* **TASK REQUIREMENTS**
Starting with the line that contains "Sponsor/Partner  Tartu" and ending with the last line of the listing, print each line exactly. Pictures stay out.

* **AVAILABLE DATA**
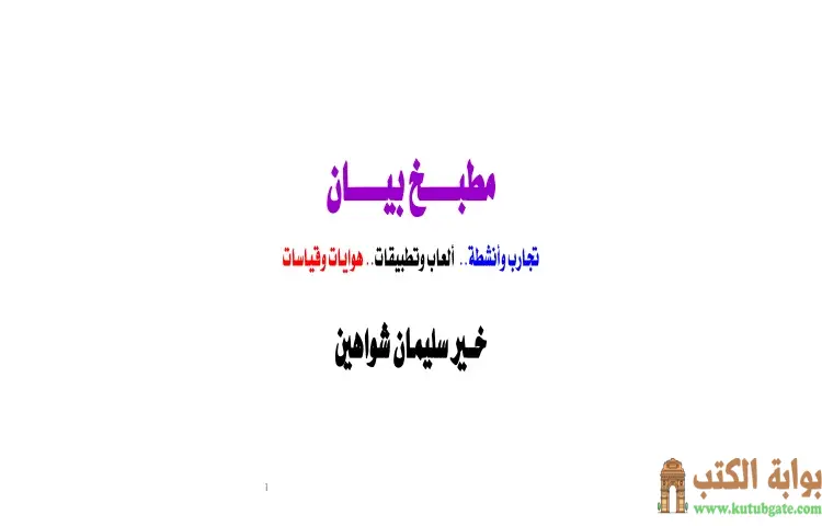 تحميل كتاب مطبخ بيان PDF – خير سليمان شواهين – أنا بيان أقدم لكم هذا الكتاب الذي يضم مجموعة من التجارب العلمية الممتعة والمفيدة في مطبخي. يتناول الكتاب مواضيع متنوعة تتعلق بالعلوم ويشجع على إجراء التجارب بشكل سهل وممتع. يهدف الكتاب إلى تحفيز الفضول العلمي لدى القراء من خلال تقديم معلومات قيمة وأفكار مبتكرة يمكن تنفيذها في المنزل. أرحب بكم في رحلة استكشاف العلوم مع كل تجربة جديدة، حيث يمكنكم التعلم والاستمتاع في آن واحد. في هذا الكتاب، ستجدون الكثير من الأفكار التي ستساعدكم على فهم العالم من حولكم بطريقة مسلية وتعليمية.
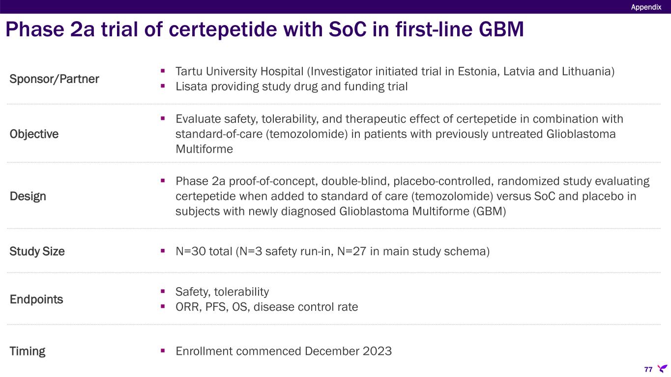 Sponsor/Partner  Tartu University Hospital (Investigator initiated trial in Estonia, Latvia and Lithuania)  Lisata providing study drug and funding trial Objective  Evaluate safety, tolerability, and therapeutic effect of certepetide in combination with standard-of-care (temozolomide) in patients with previously untreated Glioblastoma Multiforme Design  Phase 2a proof-of-concept, double-blind, placebo-controlled, randomized study evaluating certepetide when added to standard of care (temozolomide) versus SoC and placebo in subjects with newly diagnosed Glioblastoma Multiforme (GBM) Study Size  N=30 total (N=3 safety run-in, N=27 in main study schema) Endpoints  Safety, tolerability  ORR, PFS, OS, disease control rate Timing  Enrollment commenced December 2023 Appendix 77 Phase 2a trial of certepetide with SoC in first-line GBM
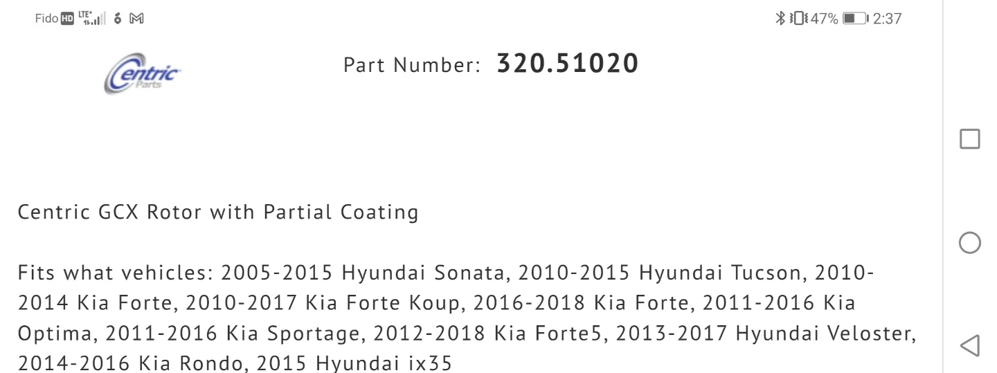 Centric GCX Rotors with partial coating. Designed for front axle placement. Fits various Hyundai and Kia models list is in the images prices is for both
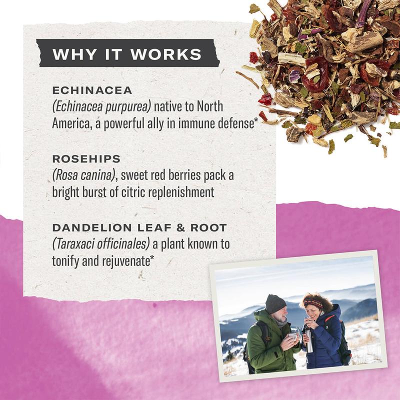 IngredientsOrganic echinacea leaf & stem,organic rosehip fruit,organic dandelion root,organic dandelion leaf & stem,organic ginger root,organic cinnamon bark,organic licorice root
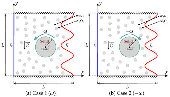 Schematic diagram of the physical model together with the coordinate system for: (a) Case 1, counterclockwise (CCW); and (b) Case 2, clockwise (CW).
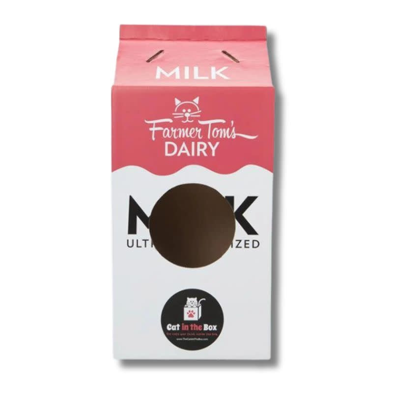 What feline doesn’t appreciate a nice saucer of milk? Perhaps he’d like to pour it himself. This oversized milk-container-shaped cardboard box toy for box-loving cats makes a great piece of cat furniture or cat cave for your cat to climb into. It is easily enjoyed on its side as well as in an upright position. And if your cat likes a good chuckle, perhaps he’ll enjoy the little bit of kitty humor on the carton, too.
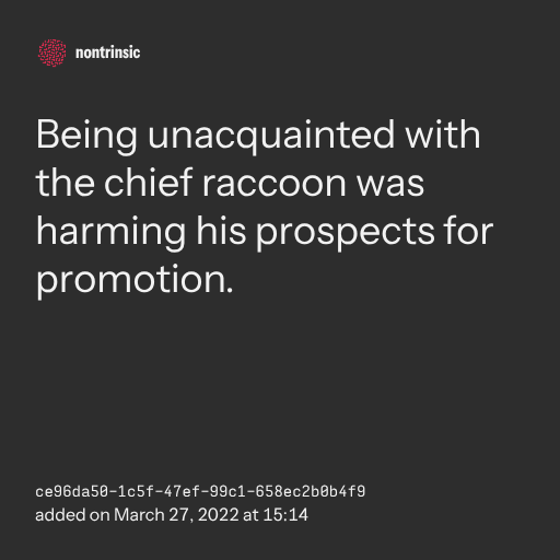 поделитьсяBeing unacquainted with the chief raccoon was harming his prospects for promotion.

* **EXPECTED ANSWER**
 Sponsor/Partner  Tartu University Hospital (Investigator initiated trial in Estonia, Latvia and Lithuania)  Lisata providing study drug and funding trial Objective  Evaluate safety, tolerability, and therapeutic effect of certepetide in combination with standard-of-care (temozolomide) in patients with previously untreated Glioblastoma Multiforme Design  Phase 2a proof-of-concept, double-blind, placebo-controlled, randomized study evaluating certepetide when added to standard of care (temozolomide) versus SoC and placebo in subjects with newly diagnosed Glioblastoma Multiforme (GBM) Study Size  N=30 total (N=3 safety run-in, N=27 in main study schema) Endpoints  Safety, tolerability  ORR, PFS, OS, disease control rate Timing  Enrollment commenced December 2023 Appendix 77 Phase 2a trial of certepetide with SoC in first-line GBM
 Centric GCX Rotors with partial coating. Designed for front axle placement. Fits various Hyundai and Kia models list is in the images prices is for both
 IngredientsOrganic echinacea leaf & stem,organic rosehip fruit,organic dandelion root,organic dandelion leaf & stem,organic ginger root,organic cinnamon bark,organic licorice root
 Schematic diagram of the physical model together with the coordinate system for: (a) Case 1, counterclockwise (CCW); and (b) Case 2, clockwise (CW).
 What feline doesn’t appreciate a nice saucer of milk? Perhaps he’d like to pour it himself. This oversized milk-container-shaped cardboard box toy for box-loving cats makes a great piece of cat furniture or cat cave for your cat to climb into. It is easily enjoyed on its side as well as in an upright position. And if your cat likes a good chuckle, perhaps he’ll enjoy the little bit of kitty humor on the carton, too.
 поделитьсяBeing unacquainted with the chief raccoon was harming his prospects for promotion.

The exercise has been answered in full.